Docetaxel With or Without AZD6244 in Melanoma (DOC-MEK)

This study is ongoing, but not recruiting participants.
Sponsor:
Information provided by (Responsible Party):
University of Oxford
ClinicalTrials.gov Identifier:
NCT01256359
First received: November 17, 2010
Last updated: November 12, 2013
Last verified: November 2013
  Purpose

This is a randomised, double-blind placebo controlled phase 2 trial. Patient will be randomly assigned 1:1 between 2 treatment arms.

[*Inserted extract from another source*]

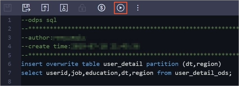 insert overwrite table user_detail partition (dt,region) select userid,job,education,dt,region from user_detail_ods;ツールバーの [実行] アイコンをクリックして、user_detail_odsテーブルのデータをuser_detailパーティションテーブルに挿入します。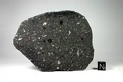 The Allende meteorite is the largest carbonaceous chondrite ever found on Earth. The fireball was witnessed at 01:05 on February 8, 1969, falling over the Mexican state of Chihuahua.[1] After it broke up in the atmosphere, an extensive search for pieces was conducted and over 2 tonnes (2.2 tons) were recovered. The availability of large quantities of samples of the scientifically important chondrite class has enabled numerous investigations by many scientists; it is often described as "the best-studied meteorite in history."[2] The Allende meteorite has abundant, large calcium–aluminum-rich inclusions (CAI), which are among the oldest objects formed in the Solar System.

They will receive either docetaxel 75mg/m2 IV and placebo given bd, or AZD6244 75mg bd daily with docetaxel 75mg/m2 IV. Docetaxel will be administered every 3 weeks for a maximum 6 cycles, but AZD6244/placebo may be continued beyond this, until disease progression. The objective is to assess whether the combination of AZD6244 with docetaxel is worthy of evaluation in a definitive randomised study, with the null hypothesis being that the combination has activity similar to that of docetaxel alone in this population. After consent has been obtained mutational analysis of tumour BRAF will be performed on archival tumour tissue, where this information is not already known, to assess eligibility for the study. If there is no archival tissue a fresh biopsy will be requested from the patient. A blood sample will also be taken for future genetic analysis. Once taking part in the trial patients will need to attend their oncology unit regularly for monitoring and the delivery of treatment. Patients will undergo complete physical examination at screening, on C1D1, C1D8, C1D15, C2D1, C2D8 and day 1 of every subsequent cycle. Blood for haematology, biochemistry and clotting will be taken at each of these visits. A 12 lead ECG will be performed at screening . Disease assessment will be by CT scanning using modified RECIST criteria after 9 and 18 weeks, then every 3 months until disease progression.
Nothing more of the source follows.